When I was little, the bus would arrive late every morning, and sometimes my mom would make deals with us. "If it's not here by such a time, you can all stay home." We'd gleefully wave the bus away when it eventually arrived. We lived outside a small, small village in Ireland and it was rather scandalous to be allowed to skip school. I loved it, and I continued the tradition in American schools by calling my mother from the attendance office with some excuse of illness (our shared code for "can I skip today?") and getting permission to leave school grounds. "Oh yes, she'd say, I'll pick her up outside the gate in ten minutes." And I was free to go. Most times I'd just go to the park with a friend to read in the afternoon sun. Or if I was overwhelmed with all the work I had to do, I'd skip school to catch up. My teachers eventually caught on but didn't seem to mind. One even told me it was a good coping strategy since I earned all As thanks to my catch-up days. Thanks for reminding me of those days.

Mona Buonanotte said...

I'm putting that on my List of Cool Mom Things To Do...skip school and go to the sculpture garden.
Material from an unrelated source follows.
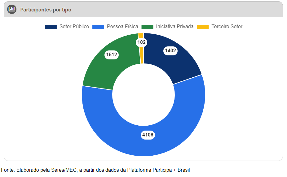 Perfil – A consulta pública teve participação predominante de pessoas físicas, somando mais de 57% das contribuições. Os participantes vinculados à iniciativa privada e ao setor público representaram, respectivamente, cerca de 21% e 19%. Participantes do terceiro setor somaram menos de 2%.

Girl-child and I have a standing date to someday have a 'Girl Day', very much like your day, albeit with more shopping and lunching and getting our nails done. Which is SO unlike me. But is totally like her.

SusieJ said...

I'm so happy for you and your son that you were able to do this. What a gift.

purple_kangaroo said...

You're so obviously a wonderful mother, and your kids are great.